Tokyo (Japan) – Nintendo has pushed all the right buttons in the past several months, enabling the gaming giant to surpass the fault-ridden Sony Corporation in market value.
Yesterday, Nintendo made a place on the list of Japan's 10 most valuable companies. It's the first time Nintendo has made the cut, alongside such giants as Toyota and Canon. Shares of Nintendo rose 2 percent which puts total valuation at $53 billion. Sony shares dipped and now have a total value of approximately $52 billion.
Sony has seen significant financial trouble in the past year. With the Playstation 3 launch plagued with production problems, a failure to attract the mainstream crowd to its next-gen platform, and a battery recall eating up legal and financial resources, Sony is in the midst of an ongoing struggle.

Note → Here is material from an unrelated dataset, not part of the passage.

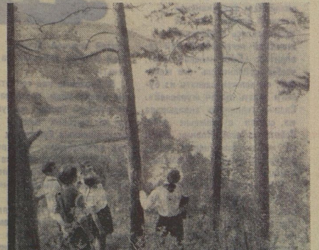
Быстро проходит в лагере день, и один не похож на другой. Сегодня шахматный турнир, и все волнуется: кто же будет шахматным чемпионом? Завтра — поход в лес, где можно и гербария собрать, и порисовать, и просто полюбиться быстрым течением реки Катунь. Незаметно проходит время, кончается смена, а уезжать ребятам из лагеря не хочется: наметил, что совсем недавно приехали.

Nintendo, meanwhile, has surpassed the short-term expectations of most skeptics. Every month since the Wii's debut last November, it has been the top-selling next-gen console. In May, for the first time, Wii unit sales were more than the PS3 and Xbox 360 combined. Wii and DS games have also dominated top 10 games lists every month so far this year.
With the full console cycle not even a year underway yet, it's still early for Sony. With the upcoming introduction of the PS3's online community Home and more time for developers to become familiar with the console, Sony says it can come back into the foreground like it was with the PS2. However, that also gives time for Microsoft and Nintendo to gain ground on Sony. Though the buzz has moved aside for the newer entrants, Microsoft's Xbox 360 continues to sell well, claiming over 154,000 units last month.